* **AIM OF THE TASK**
Everything below from the line with "A TYPEWRITTEN LETTER" through the line with "This propaganda book;et" must be retyped exactly, except the pictures.

* **EXTRACTED ENTRIES**
════

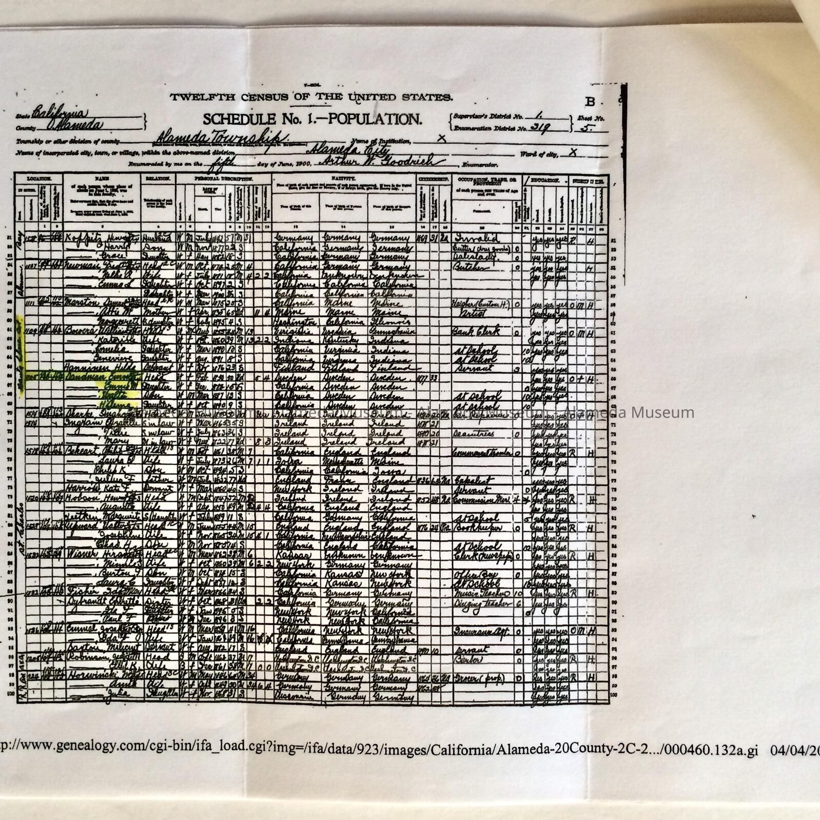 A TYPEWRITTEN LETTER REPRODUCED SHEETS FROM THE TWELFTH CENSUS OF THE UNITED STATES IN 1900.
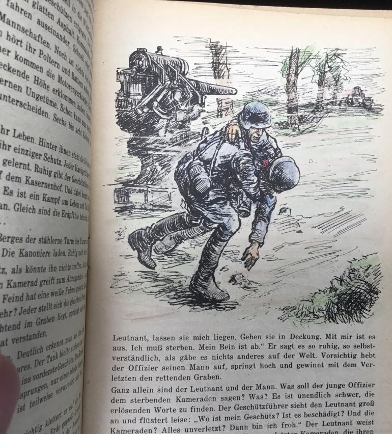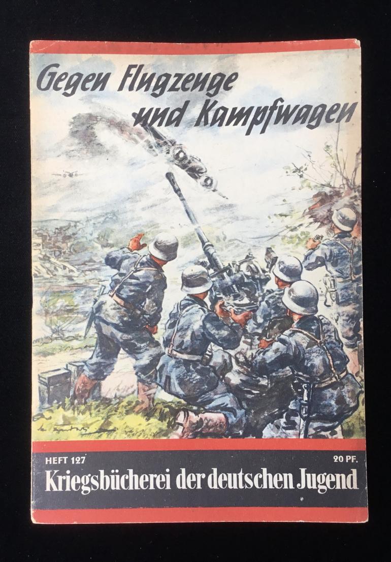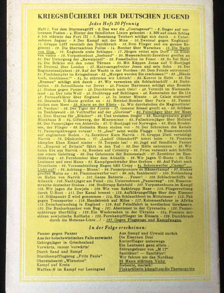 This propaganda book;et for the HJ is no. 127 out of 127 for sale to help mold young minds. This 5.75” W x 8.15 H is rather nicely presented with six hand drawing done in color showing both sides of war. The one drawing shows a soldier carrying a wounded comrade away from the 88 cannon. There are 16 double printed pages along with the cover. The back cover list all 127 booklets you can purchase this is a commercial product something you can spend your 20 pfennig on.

════

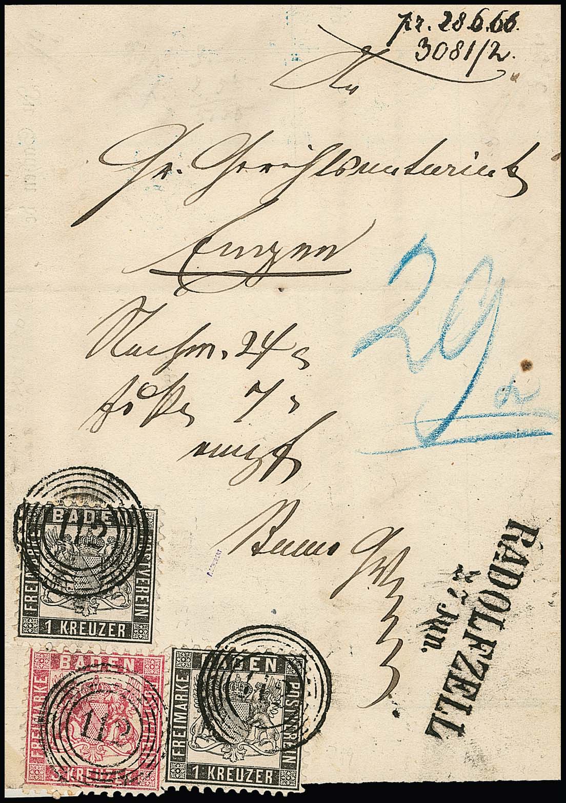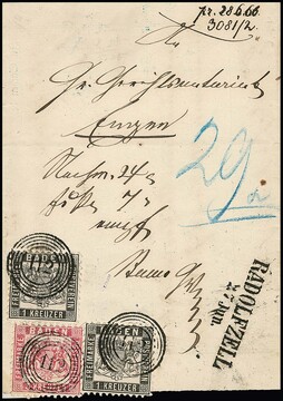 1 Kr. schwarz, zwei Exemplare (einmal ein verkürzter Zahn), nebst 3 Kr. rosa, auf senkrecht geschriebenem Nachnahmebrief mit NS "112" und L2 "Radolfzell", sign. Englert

════

* **TASK ANSWER**
 A TYPEWRITTEN LETTER REPRODUCED SHEETS FROM THE TWELFTH CENSUS OF THE UNITED STATES IN 1900.
 This propaganda book;et for the HJ is no. 127 out of 127 for sale to help mold young minds. This 5.75” W x 8.15 H is rather nicely presented with six hand drawing done in color showing both sides of war. The one drawing shows a soldier carrying a wounded comrade away from the 88 cannon. There are 16 double printed pages along with the cover. The back cover list all 127 booklets you can purchase this is a commercial product something you can spend your 20 pfennig on.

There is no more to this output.